If people buying houses to rent on Airbnb artificially inflated the housing market, it's just a necessary correction and federal support would be a mistake.

3 comments

Agree. There are stories of people kinking out tenants to let on Airbnb. If these people get fucked by the loss in income, that'll be a simple on my face.

Airbnb as a whole, is a good idea- but some people are doing horrible things to the housing market and at worst AirBNB is complicit.

>People owning multiple houses to rent out to vacationers that people would like to actually live in doesn't upset me at all.

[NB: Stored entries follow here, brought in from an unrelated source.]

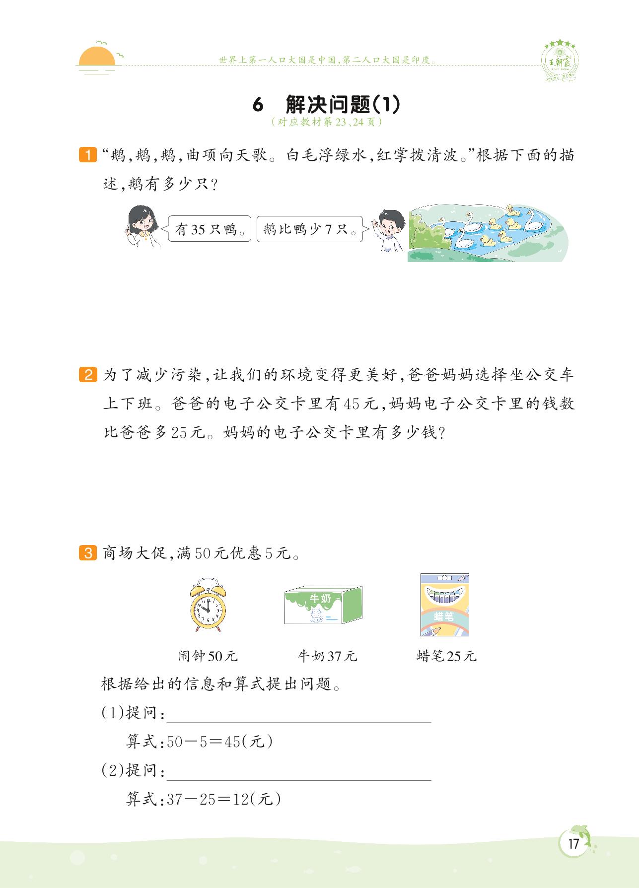 2022上册二年级数学人教版 第二单元 100以内的加法和减法(二)——6 解决问题(1)
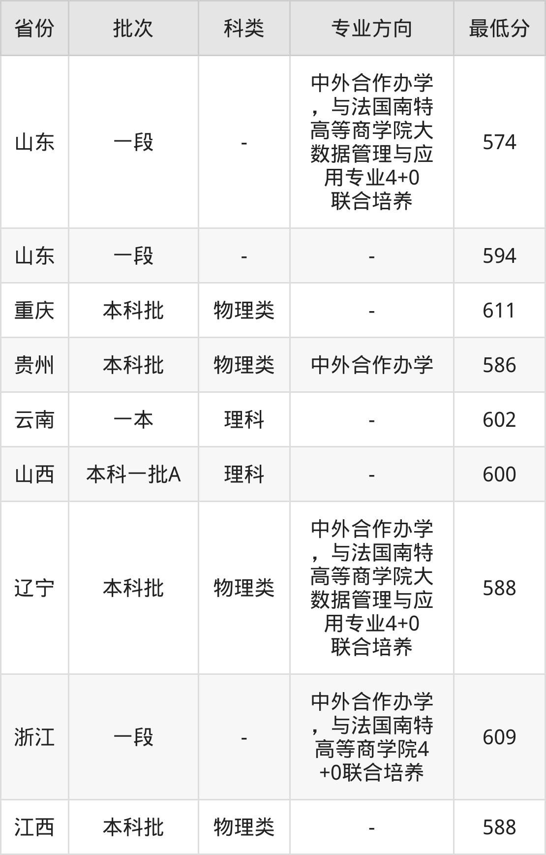 574分(中外合作办学,与法国南特高等商学院大数据管理与应用专业4+0联合培养、位次43995名),594分(位次26054名)。
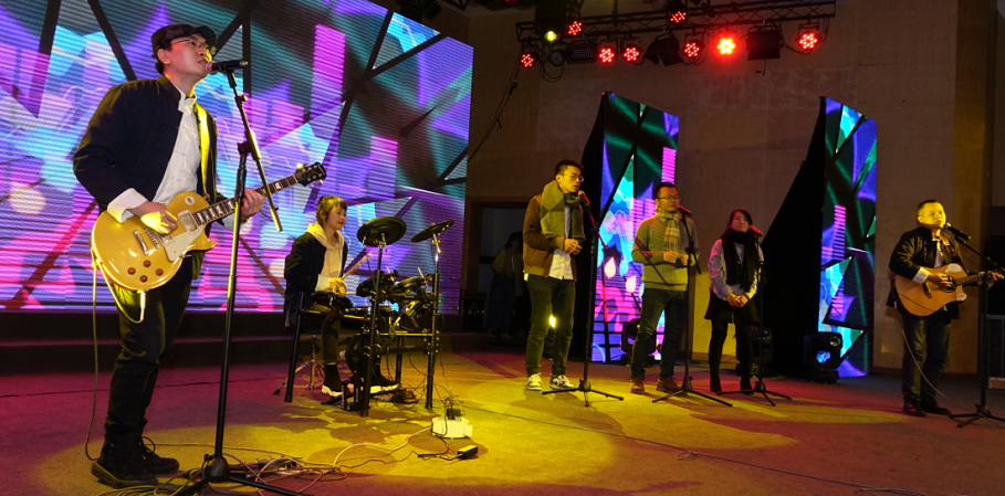 PA视讯教职工以“像风一样自由”为曲目在本次新年音乐晚会上进行乐队演唱,精彩的表演将演出推向高潮,赢得了在场观众阵阵掌声。
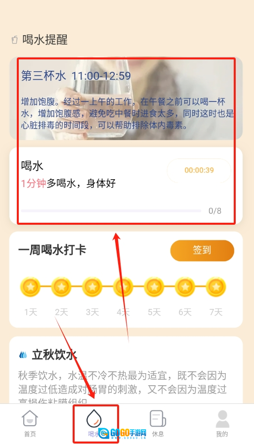 2、切换到喝水页面后,系统会按时提醒饮水,这样就不用担心忘记补充水分了。

If people buying houses to rent on Airbnb artificially inflated the housing market

net-net : is n't both the same?

Airbnb turns housing into hotels. Typically those are zoned differently, potentially subsidizing housing for locals at the cost of driving up prices for travelers.
Look, I'm all for affordable housing, but when viewing this within the context of a looming recession and potential financial crisis I can assure you that the last thing you want to do is add in a potential amplifier to a housing market crash. Houses may get cheaper, but everyone is going to suffer in very difficult to imagine ways. Corporate debt markets are looking scary as hell right now. If you threw a housing market meltdown at it right now, we could easily be looking at something much much worse than what we saw in '08.
A house is rarely used as an interesting business asset for generating productivity for the rest of the nation. AirBnB is like the height of how commercially productive a home can be. I would argue that the home is most interesting to a nation when it houses a family which is contributing to the economy.

What we're talking about is making the housing market more healthy, where health is viewed from the perspective of the nation.

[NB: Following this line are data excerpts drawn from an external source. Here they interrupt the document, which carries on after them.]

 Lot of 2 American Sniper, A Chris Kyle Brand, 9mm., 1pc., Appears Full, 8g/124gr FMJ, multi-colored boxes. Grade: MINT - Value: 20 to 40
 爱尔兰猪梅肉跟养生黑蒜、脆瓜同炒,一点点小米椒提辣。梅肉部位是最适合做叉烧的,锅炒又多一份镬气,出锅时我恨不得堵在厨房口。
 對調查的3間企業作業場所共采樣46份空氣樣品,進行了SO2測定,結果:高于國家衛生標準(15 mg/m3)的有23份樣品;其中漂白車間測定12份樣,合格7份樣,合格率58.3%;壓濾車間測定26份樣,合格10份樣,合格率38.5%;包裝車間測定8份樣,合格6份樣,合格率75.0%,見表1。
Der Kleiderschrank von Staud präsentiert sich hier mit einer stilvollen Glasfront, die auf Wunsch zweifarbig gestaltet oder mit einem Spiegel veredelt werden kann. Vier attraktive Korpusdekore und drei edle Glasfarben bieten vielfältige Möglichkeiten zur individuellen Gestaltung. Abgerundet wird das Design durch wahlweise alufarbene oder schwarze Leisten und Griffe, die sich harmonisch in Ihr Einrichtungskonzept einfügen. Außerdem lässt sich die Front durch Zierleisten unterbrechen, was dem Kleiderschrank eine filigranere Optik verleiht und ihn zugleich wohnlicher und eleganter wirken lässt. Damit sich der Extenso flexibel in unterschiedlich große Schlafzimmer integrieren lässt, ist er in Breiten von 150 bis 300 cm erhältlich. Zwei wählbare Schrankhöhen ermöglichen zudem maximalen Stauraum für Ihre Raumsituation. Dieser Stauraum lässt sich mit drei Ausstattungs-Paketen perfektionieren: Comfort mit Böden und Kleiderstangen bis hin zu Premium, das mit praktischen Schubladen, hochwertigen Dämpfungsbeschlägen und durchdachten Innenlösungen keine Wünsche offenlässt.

There is inefficiency being absorbed by the system when very finite housing capacity is being used primarily by vacationers who already have a home, and now that terribly finite supply is being translated to mere vacation enhancement.

those are good ideas but imagine someone barely making ends meet on an "inflated" mortgage which then loses a lot of value. the bank expects them to pay back $250K but then their home value collapses down to its true price of $150K. you just created a situation where a household has negative equity - literally worse off than if they had never bought the home at all, and difficult to wiggle out of if they live there (very likely). that obviously has massive effects on their economic outlooks.
Yeah, this is absolutely a problem and people's homes being foreclosed due to this type of situation does upset me. But this is a side-effect of people making money off housing shortages, which is the root cause and due for a correction.
The people with these AirBnbs are no worse than the residents who vote for policies and politicians that create and exacerbate the shortages in the first place.
What will happen is that airbnb hosts with liquidity problems have to fire sell them to lucky speculators and then in a year or two after the speculator has made his profit, they go right back on airbnb.